Unmanned Drone to Deliver School LunchesUnmanned Drone to Deliver School Lunches
The trial is aimed to reduce current delivery times and costs, as well as help with emergency planning
June 22, 2022
Students at schools in a remote area of Scotland could soon have their lunches delivered by an unmanned drone in a first for the United Kingdom.
Argyll and Bute Council in the west of the country is partnering with London-based drone specialist Skyports in a trial of Unmanned Aerial Vehicles (UAVs) that could see the service rolled out more widely if successful.
Argyll and Bute is Scotland’s second-largest local authority in terms of land mass, with 23 inhabited islands – the most of any authority in the U.K.
But it’s very thinly populated, which means not all schools have their own kitchen on site to cook meals. For these schools, meals are currently prepared elsewhere and delivered by traditional methods of transportation including vans, taxis and ferries.
However, these can be affected by adverse weather, a common occurrence in the islands of Scotland.
The UAV trial is aimed at reducing current delivery times and costs, as well as helping contingency planning in emergencies. In addition, the drones are fully electric, providing an emissions-free mode of transport.
One school that has already benefited is Lochnell Primary in the village of Benderloch, which had a meal delivered by a Skyports UAM from Oban Airport, nearly one mile away.
With the service very much in its infancy, there were limitations to what the drone could carry. A maximum weight of 6 lbs and size constraints meant it was restricted to carrying a small tub of mac and cheese and a strawberry yogurt in an insulated box, but the flight was successfully executed, demonstrating what might be possible in the future, when regulations are likely to be eased.

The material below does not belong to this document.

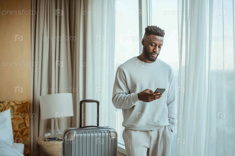Молодой взрослый чернокожий мужчина использует смартфон возле окна в гостиничном номере Traveling

“Initial flights, carried out using one of our Swoop Aero Kookaburra III aircraft, will enable us to complete important proof of concept and feasibility trials,” said Alex Brown, head of drone deliveries at Skyports. “While the aircraft has a maximum payload of 3kg – clearly not sufficient for feeding a classroom of hungry students – this is an important stage in the development of deliveries of this type. The learnings from this early stage of the project will help to pave the way for wider-scale operations.”
“Argyll and Bute Council’s readiness to explore how drone services can improve and enhance the lives of people across the local authority, combined with Skyports’ expertise and hundreds of flight hours in the region, makes this an exciting project with infinite benefits,” he added.
The council’s eagerness to investigate the use of drones does not end with the delivery of school meals. The trial is part of a wider plan to create a UAV logistics hub at Oban Airport, which will involve the construction of a vertiport vertical take-off and landing facility there by March 2025, funded partially by the U.K. government.
Drone services in far-flung parts of the U.K. are likely to become much more common over the next decade. The Royal Mail postal service has already signaled its intention to run a fleet of 500.